Can Ultrasound rule out a pneumothorax?





Clinical Scenario

You are allerted for a level 3 trauma from the mountain, a cyclist has fallen going down hill.
You prepar the shock room with everything you may need, dress up, and wait.
A 25 y/o cyclist arrives completely immobilized, you immidiately start to  perform ABCDE as you learned in your recent ATLS course (you feel confident).
First stop is a possible problem in “B” (breathing): he has an ecchimosis on the right emithorax, not crepitation, maybe there is a less vescicular murmur on the same side, but you are not sure (the shock room is very crowded an noisy!), he is slightely tachypnoic (RR is 24), O2 saturation is 96%. …you go on….in “E” (Exposure) you find an exposed, bleeding, thigh bone fracture that surly is going to need surgery, at the moment you stop the bleeding, stabilize, allert orthopedic…ect…
FAST is normal.
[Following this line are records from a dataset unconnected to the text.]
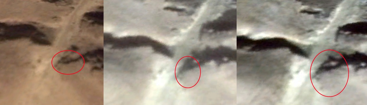 Στις κάτωθι αντίστοιχες δορυφορικές εικόνες διακρίνεται το ρήγμα στο βραχώδες τοπίο όπου υπάρχει ο μικρός χωματόδρομος.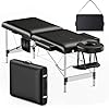 Brelley Massage Table Portable, 2-Fold Lash Bed with Side Pocket, Adjustable Height, Sturdy Aluminum Frame, Esthetician Spa Facial Tattoo Bed with Face Cradle & Carrying Bag, Black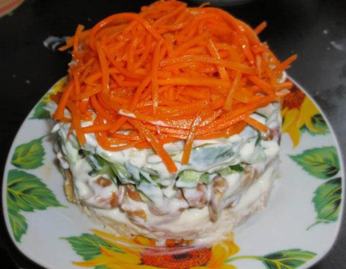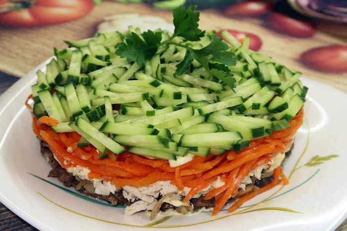 - 3-й слой огурец, майонезная сеточка, 4-й слой корейская морковь. Салат следует поставить в холодное место для пропитки.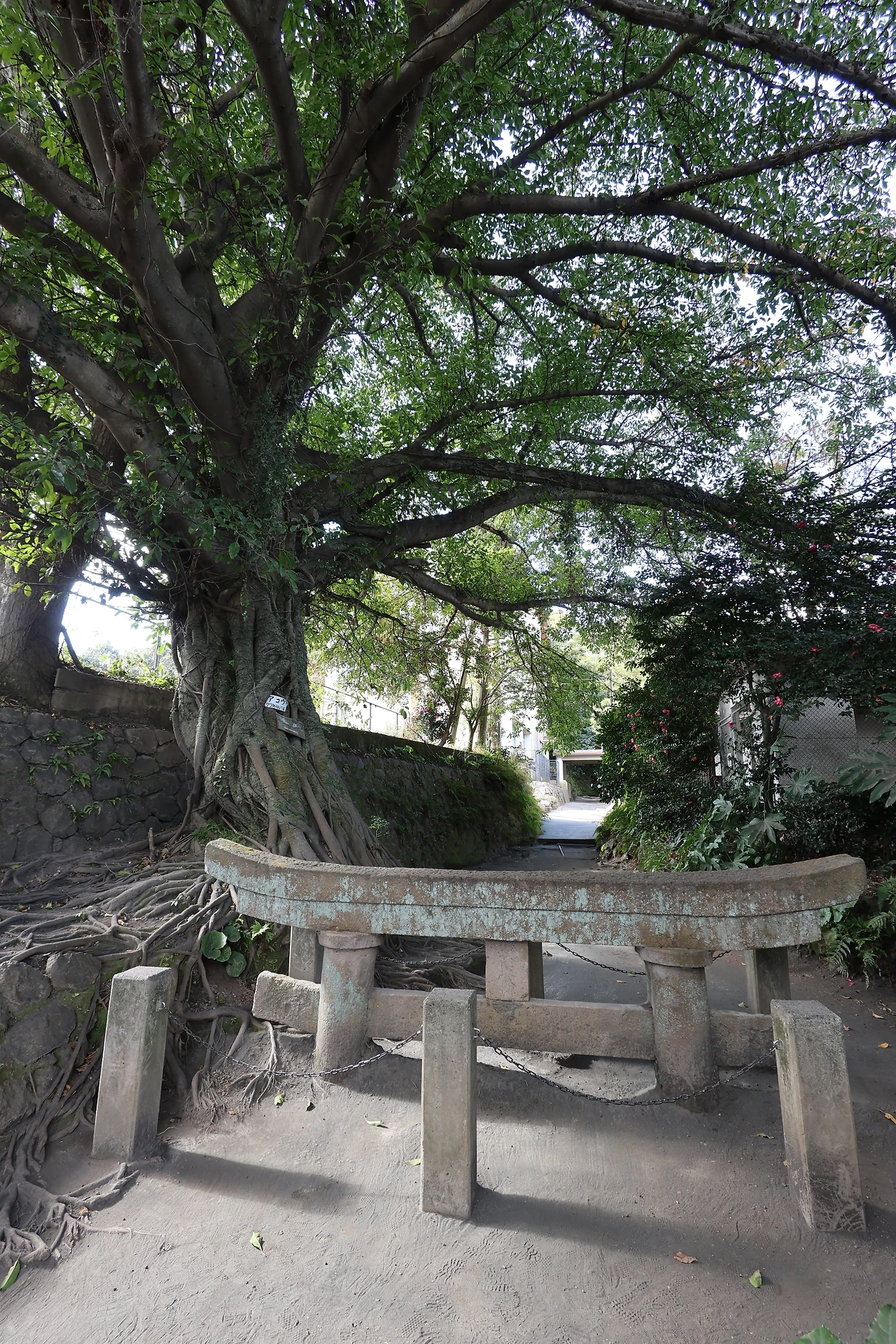 그렇게 약 두번째 포인트인 '쿠로카미 토리이'에 도착했습니다. 풀 네임으로는 '쿠로카미 매몰 토리이' 입니다. 사실 사진으로만 봤을 때에는 "에이, 윗부분만 올려놓고 거짓말하는거 아니야?" 하는 의심도 들었지만 실제 눈으로 확인하니 자연의 무서움이 느껴졌습니다. 기존 3m 높이의 토리이인데 1914년 대분화로 인해 하루만에 2m가 화산재로 매몰되었다고 합니다. 그래서 토리이의 윗부분 1m 정도만 남아있는 끔찍한 모습으로 남아있습니다. 바로 옆 땅에서 뿌리를 내려 자란 나무를 보면서, 화산으로 매몰된 종말과 나무라는 생명의 시작을 동시에 느낄 수 있는 신비로운 장소였다고 생각했습니다.
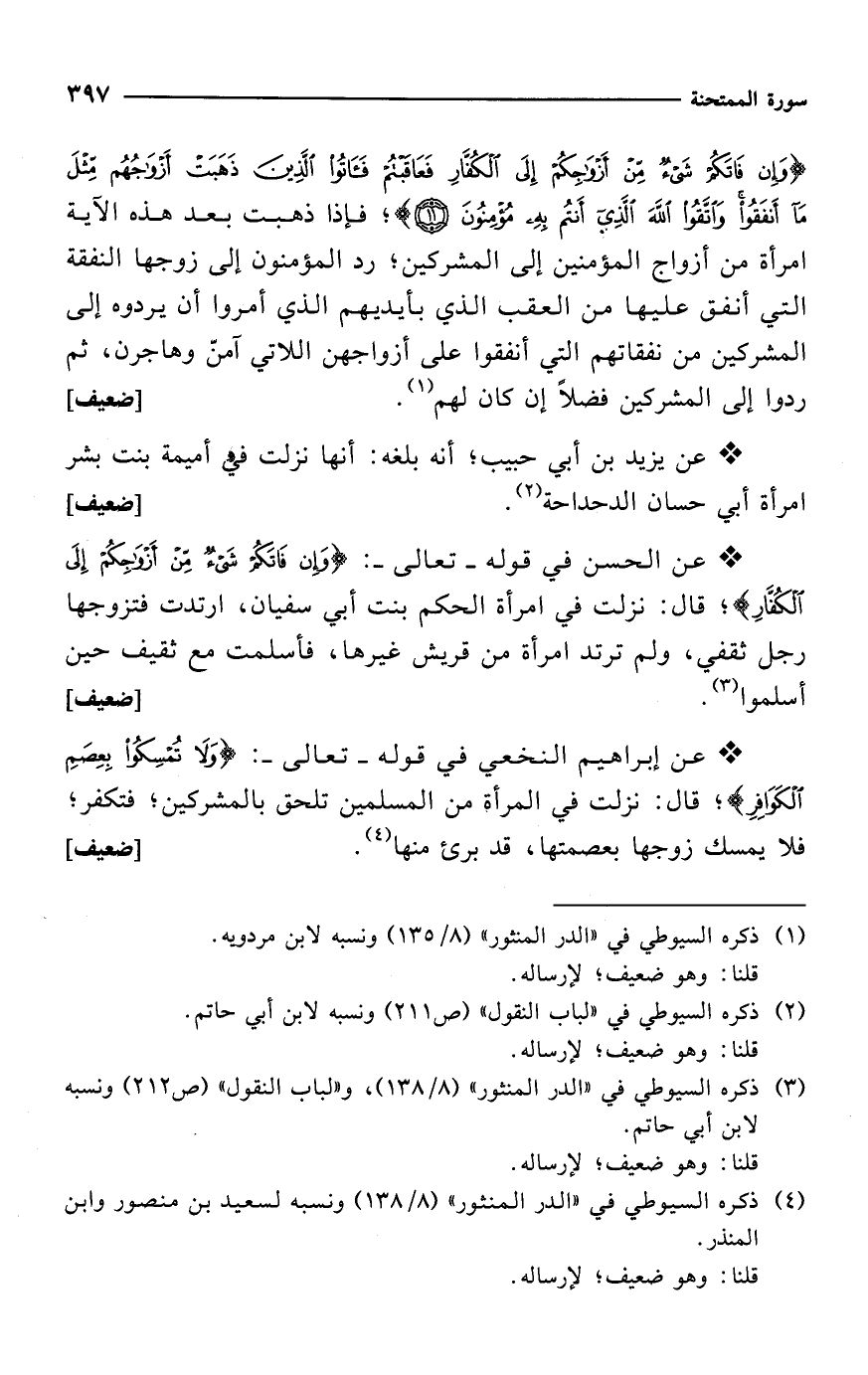 * عن الحسن في قوله -تعالى-: {وَإِنْ فَاتَكُمْ شَيْءٌ مِنْ أَزْوَاجِكُمْ إِلَى الْكُفَّارِ}؛ قال: نزلت في امرأة الحكم بنت أبي سفيان، ارتدت فتزوجها رجل ثقفي، ولم ترتد امرأة من قريش غيرها، فأسلمت مع ثقيف حين أسلموا (¬3). [ضعيف]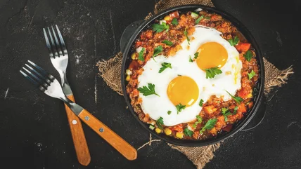 While you might think of refried beans as being served with nachos and tacos, they're definitely not just a dinner food. They pair with eggs just as well as they do with these dinnertime staples: Use refried beans to jazz up basic scrambled eggs, serve alongside some deliciously spicy huevos rancheros, or top a tostada with a dollop of refried beans, a runny fried egg, some salsa, and cheese. They're also pretty brilliant when wrapped inside an omelet or layered inside a breakfast quesadilla with eggs, cheese, and peppers and served with sour cream or guacamole.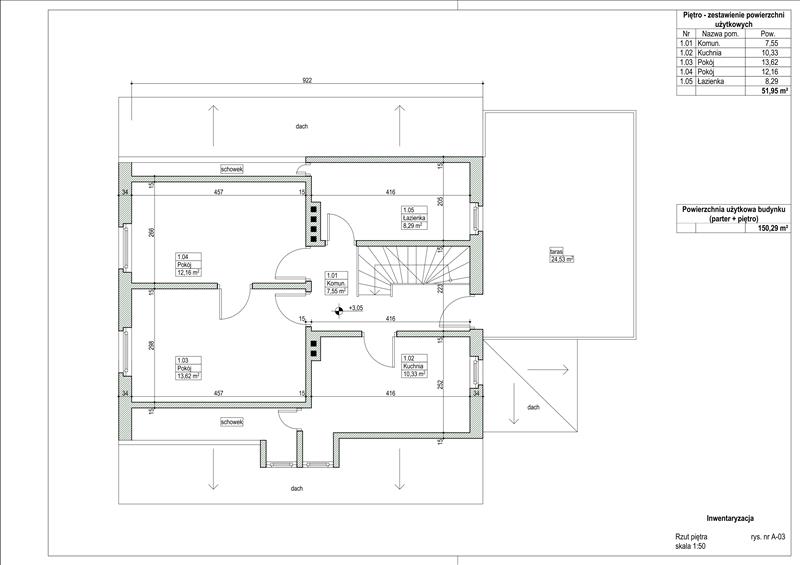 PODDASZE UŻYTKOWE (51,95m2): 2 pokoje ze skosami- 13,62m i 12,16m, kuchnia 10,33m2, łazienka 8,29m, komunikacja .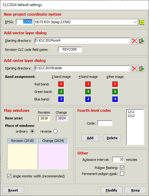 Default settings dialog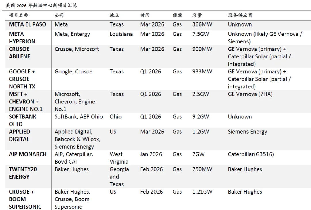2026年一季度,美国市场新公布或有更新进展的AI数据中心项目,总装机容量超过20GW,其中Meta Hyperion园区规划7.5GW、软银俄亥俄州项目规划9.2GW、微软西得克萨斯州项目初始规模2.5GW,燃气发电成为这些项目的核心能源来源。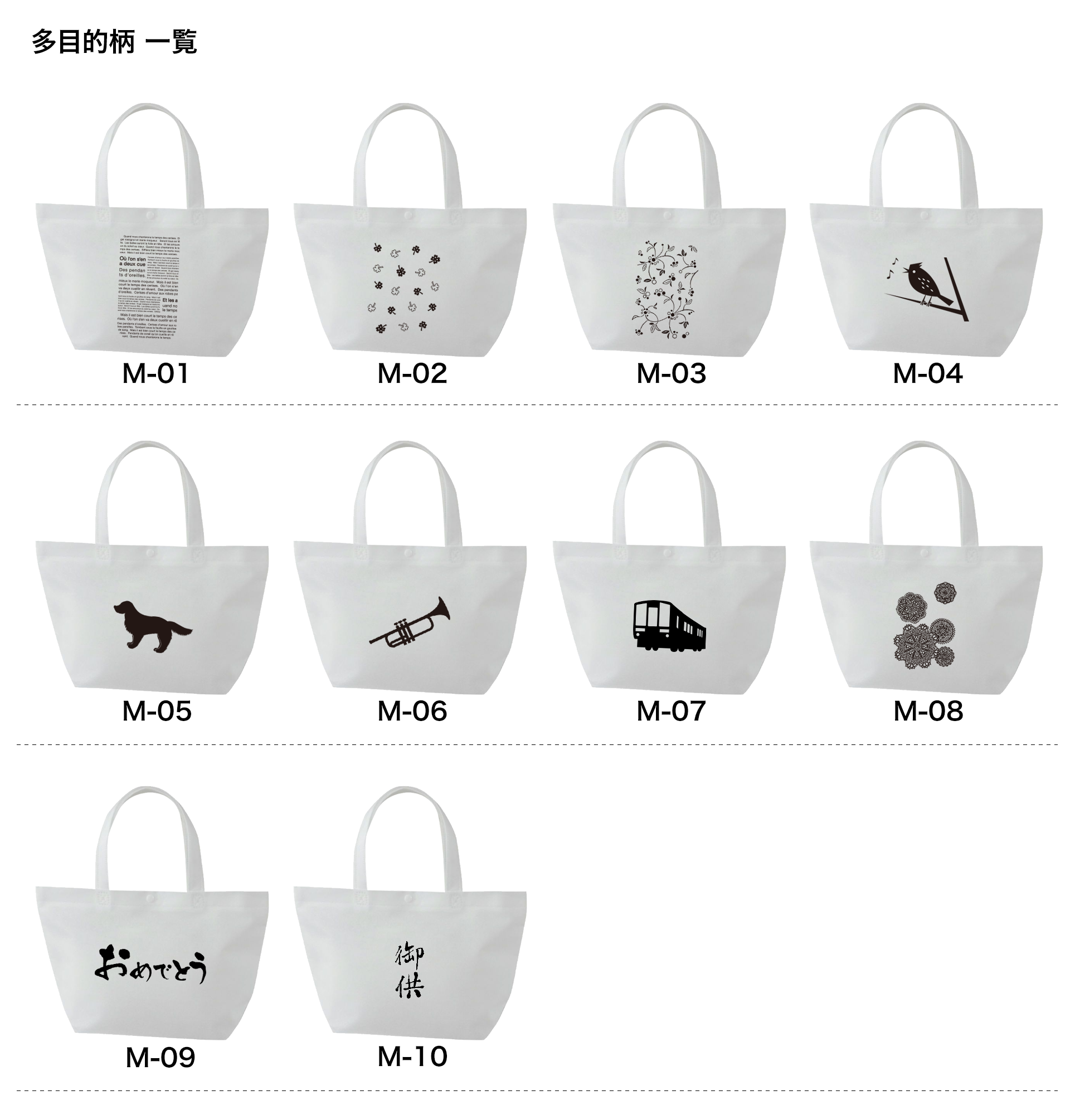 クリスマスやハロウィンなどの季節柄、和柄、花模様、カジュアル、シンプルなど100種類以上から選べる既成柄印刷。
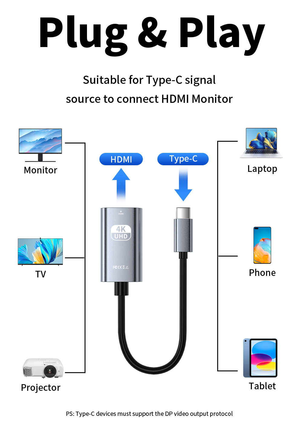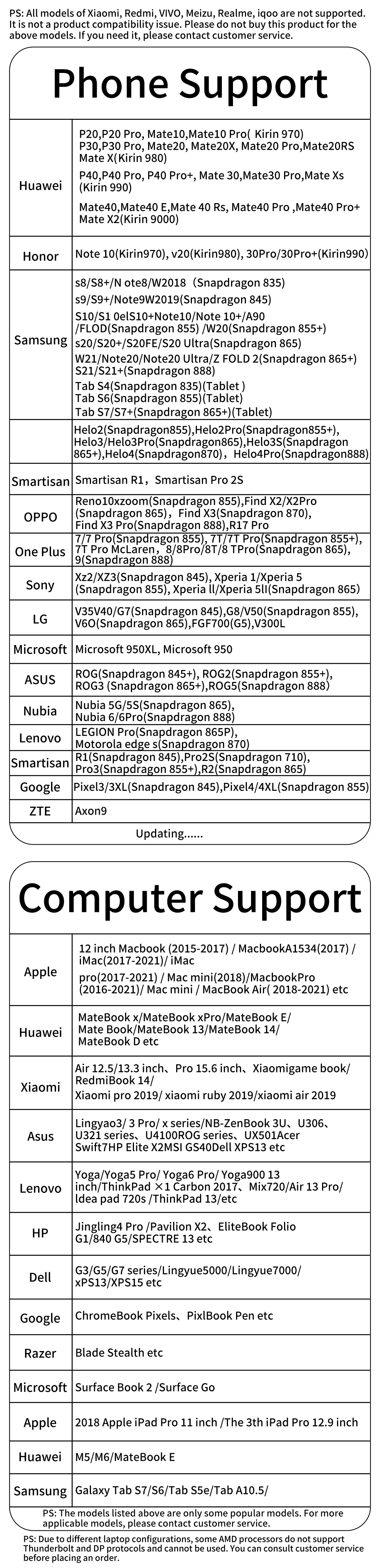 Перед покупкой убедитесь, что ваше устройство Type-C поддерживает функцию вывода видео. USB3.1 или USB3.2 или USB4 или Thunderbolt3 или Thunderbolt4 Поддержка вывода видео.

You ask for X-Ray : anteroposterior (AP) chest x-ray, pelvis and thigh bone. Confirmed exposed fracture, no signs of pneumothorax, surgery room is ready…
You recently have reeded the previous post and you don't feel confident about a negative thorax x ray, so you decide to “extend” your FAST and on the right emithorax you find a "lung point"...


are you going to let this patient be intubated?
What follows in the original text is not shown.